> _What is being asked_
Would it be possible to output exactly, and only, the lines below from the one holding "Short sleeve shirt" to the last line, both included, with every picture left out?

> _Information shown_
* * * *

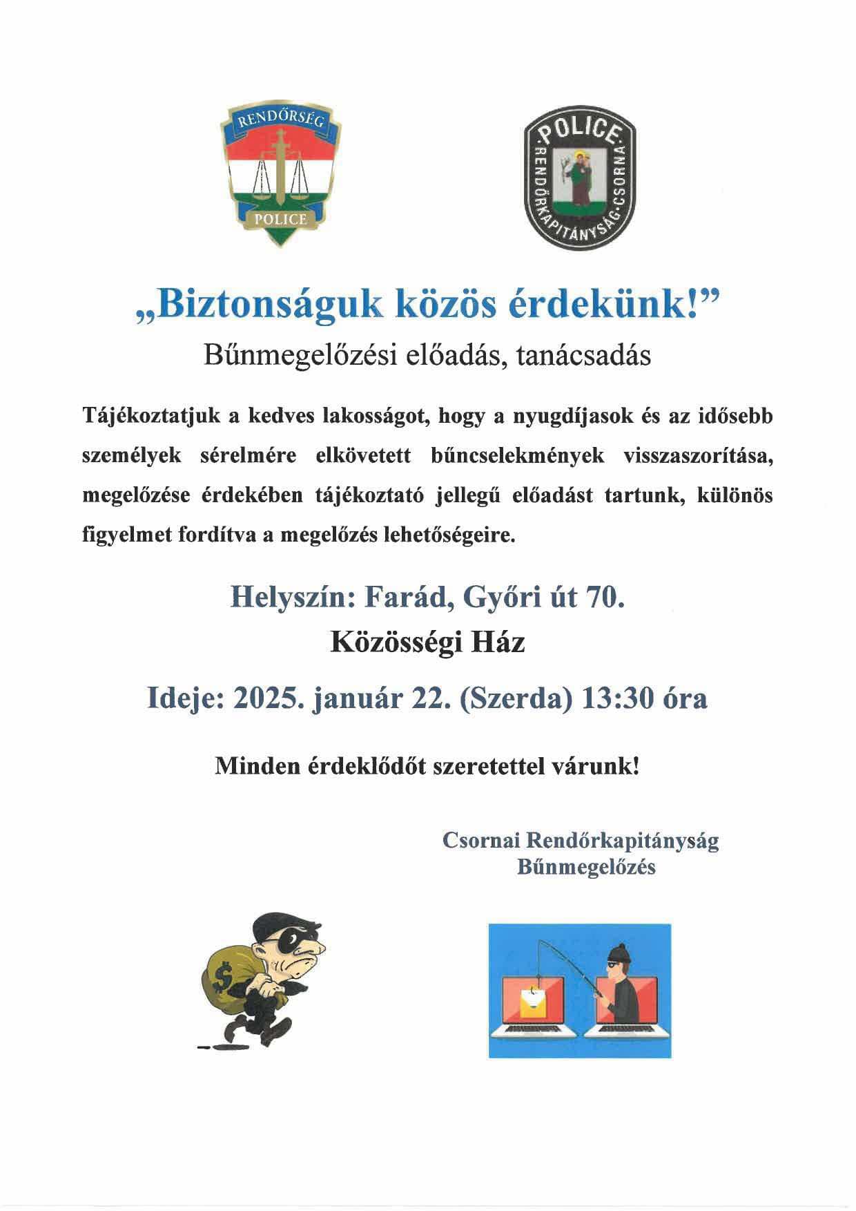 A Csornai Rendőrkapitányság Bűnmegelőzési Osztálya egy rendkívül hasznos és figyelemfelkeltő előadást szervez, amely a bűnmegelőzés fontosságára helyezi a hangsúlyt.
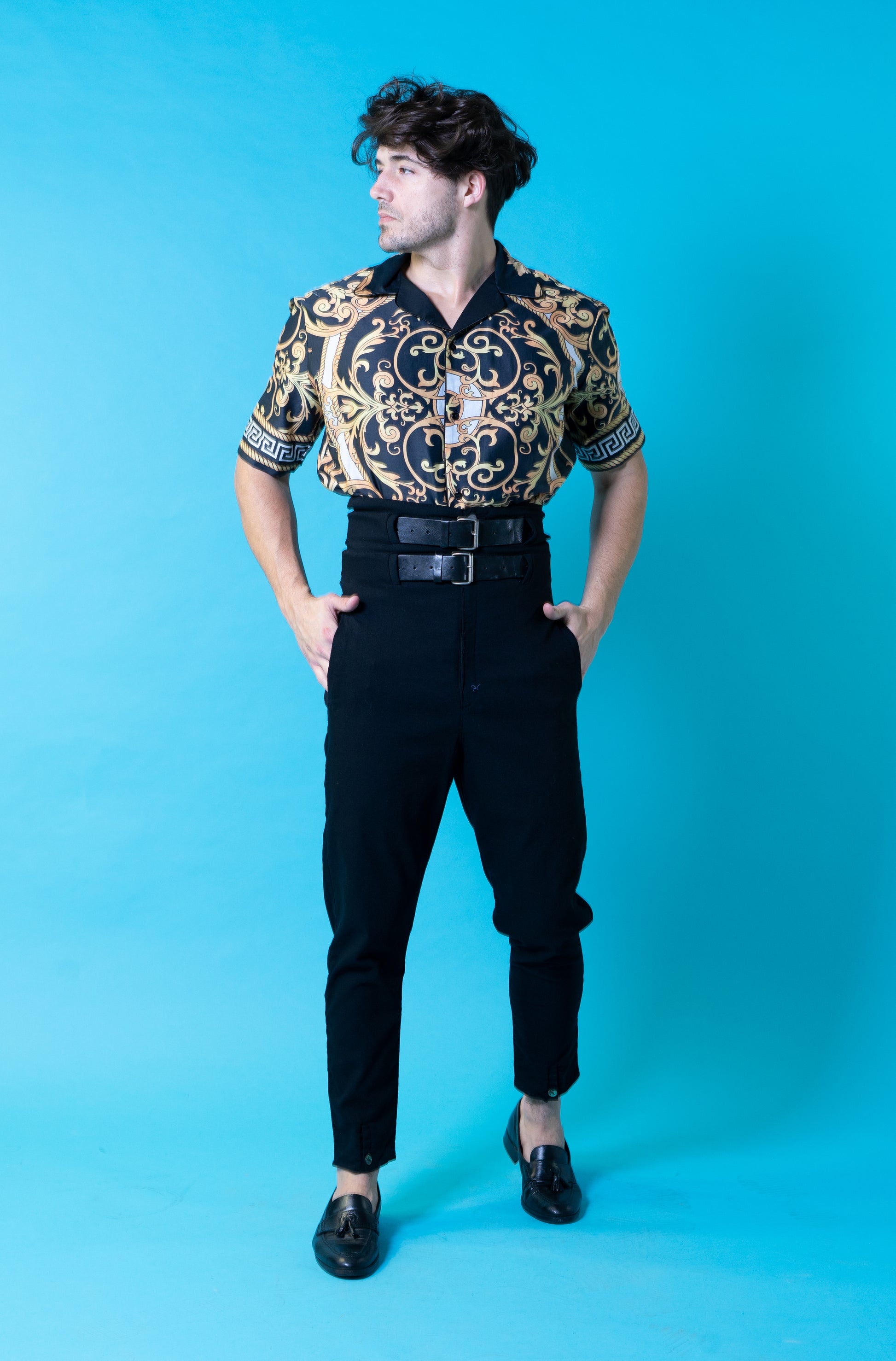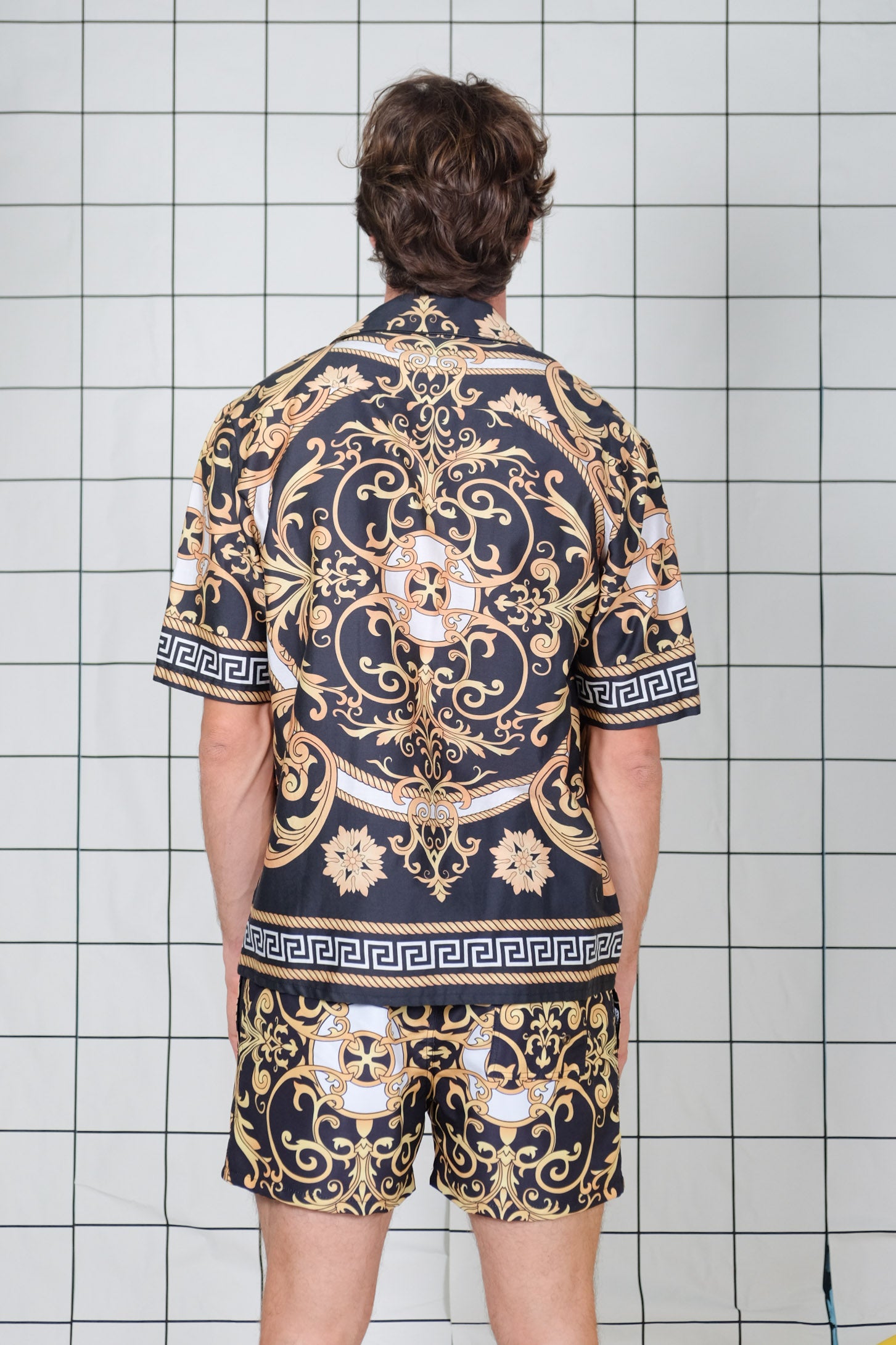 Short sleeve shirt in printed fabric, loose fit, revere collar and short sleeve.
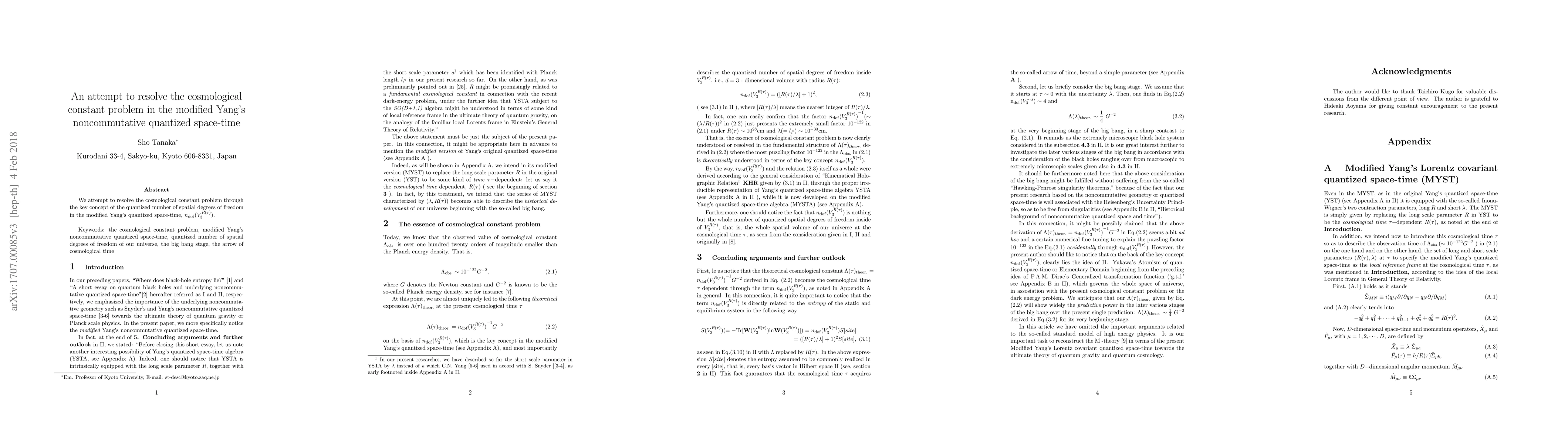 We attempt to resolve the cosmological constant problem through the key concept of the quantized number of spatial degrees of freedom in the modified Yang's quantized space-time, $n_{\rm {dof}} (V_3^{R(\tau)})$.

* * * *

> _Result of this exercise_
 Short sleeve shirt in printed fabric, loose fit, revere collar and short sleeve.
 We attempt to resolve the cosmological constant problem through the key concept of the quantized number of spatial degrees of freedom in the modified Yang's quantized space-time, $n_{\rm {dof}} (V_3^{R(\tau)})$.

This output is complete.